Performance comparison
In the following article we'd like to present some performance comparions of our Java compilation task compared to other existing solutions.
All the comparisons are done on the same and single machine. The comparions are done on Windows 10, with the Windows Defender being turned off all times. When doing the comparisons, we'll be using the build daemons of each participating tool when applicable.
During the measurements, we'll be doing some warm-up round(s) for each tools which won't be part of the result. Then we compute the average of the measured times and that will be the result of a measurement. We don't use any benchmarking/profiling tools, and don't set any options that instrument the tools for benchmarking.
We'll use the Measure-Command
PowerShell cmdlet to measure the time it takes to execute a build. (We use the time the cmdlet displays instead that the given tool displays to have a consistent measuring practice.) Note that when the tools are used inside an IDE, the startup cost of the Java processes may be omitted.
When clean builds are measured, the previous outputs are manually cleaned from the output directory rather than running clean
commands for a given tool.
The following comparisons will focus plainly on clean and incremental Java compilation. If you're interested in Java testing performance comparison, have a look here.
Gradle comparison
In the following measurements we'll be focusing on the Gradle build tool. It is popular in the JVM ecosystem, and also supports other languages. We won't be directly comparing to Maven, as one can deduce the results based on our and the Gradle vs Maven performance comparison.

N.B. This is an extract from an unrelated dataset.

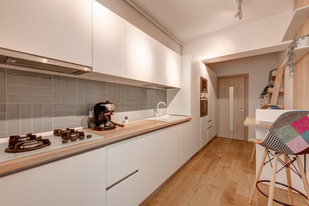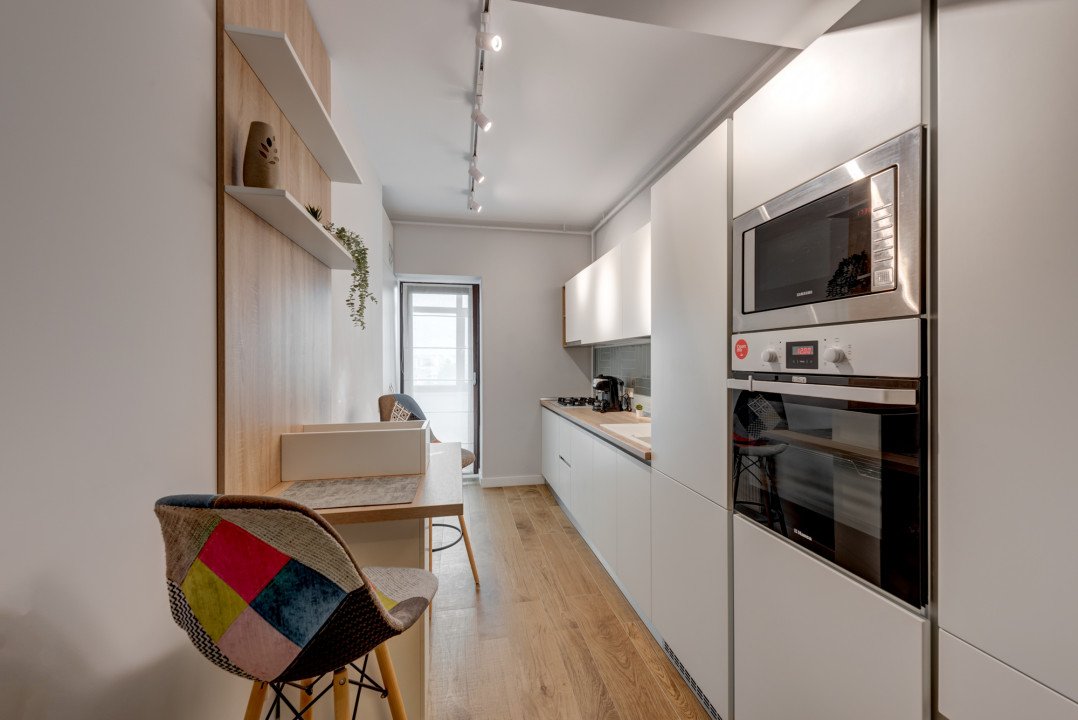 Bucatariaa are o zona de luat masa pentru 2 persoane.

In our tests we'll be performing the same test-case scenarios that the Gradle team used vs Maven. We'll also add some other comparisons that include annotation processing and other use-cases.
We'll be using the (currently latest) 6.0.1
version of Gradle in the following tests.
Apache Commons Lang
For this measurement we take the current latest available version of the master branch, and perform clean and incremental compilations.
We can see that saker.build is faster in all cases. It performs the clean build 17.5% faster, while the advantage for incremental compilations grows over 50-70%.
The test case includes two incremental compilation scenarios. In both of them we just simple insert a new line at the start of the file to force its recompilation. The significant difference between them that the DiffResult
class contains a constant field. In these cases Gradle falls back to full recompilation of the entire Java source set. As we are very fond of constants, we felt that a comparison for this needed to be included.
Large multi-project
In the following measurement we compile a project that contains of multiple cross-dependent Java subprojects. We took the Gradle large multi-project codebase as the basis of the test, removed unnecesssary testing and library classpath code, and simplified the Gradle build process to have a fair comparison.
We also used the --parallel
flag when invoking Gradle, as without it the builds were much slower. The actual project that was built is available here.
Saker.build produced 40-70% faster build times for the above scenarios. When measuring the incremental builds, we separated them into two category. One which doesn't modify the structure of the Java classes (Application Binary Interface keeping), and one that changes the class structure (ABI changing). In both cases the project1/src/main/java/org/gradle/test/performance1_4/Production1_315.java
file was modified.
When the ABI is kept, we just added a new line at the start of the file to cause the recompilation of the source file. In this case only the modified source file was recompiled, and no other dependent subprojects are compiled again. This is true for both saker.build and Gradle.
For the ABI changing tests, we added a new public int i
field for every measurement that we've performed. This causes all the subprojects which depend on the structure of the Production1_315
class to be recompiled. In the end, multiple subprojects are recompiled. This was the case where the difference between the two tools were the smallest, saker.build is only 41% faster than Gradle.
Large monolithic project
Next up is a measurement that compiles large amount of Java sources in a single compilation pass. The project is taken from the Gradle single-large-project performance comparion scenario, and we measured both tools by running the builds. We've cleaned up the Gradle build file so it doesn't include unnecessary dependencies and IDE plugins.
Although the graph is a bit out of scale due to the huge differences between the clean and incremental build times, we can still see that saker.build is 50-80% faster in all of the above test cases. The ABI keeping and ABI changing scenarios were done similarly to the Large multi-project scenario.
Annotation processing
We'd like to include tests for incremental scenarios using annotation processors, however, we encountered such bugs in the Gradle build system that prevented running them. We wanted to test two annotation processors (one aggregating, one isolating), however, the Gradle builds resulted in compilation errors and stackoverflows.
We'll be running the measurements once the issue 11559 is fixed by Gradle.
Conclusion
Based on the above measurements we can see that saker.java.compile()
task of the saker.build system can perform Java builds significantly faster. If we decide to use saker.build inside an IDE, then the incremental compilation times can shrink even more, as the startup time of the JVM can be omitted. This usually results in a decrease of 500-600 ms for the build times.
If the results convinced you, and you feel like saker.build may be an appropriate tool for you use-case, we recommend trying it out.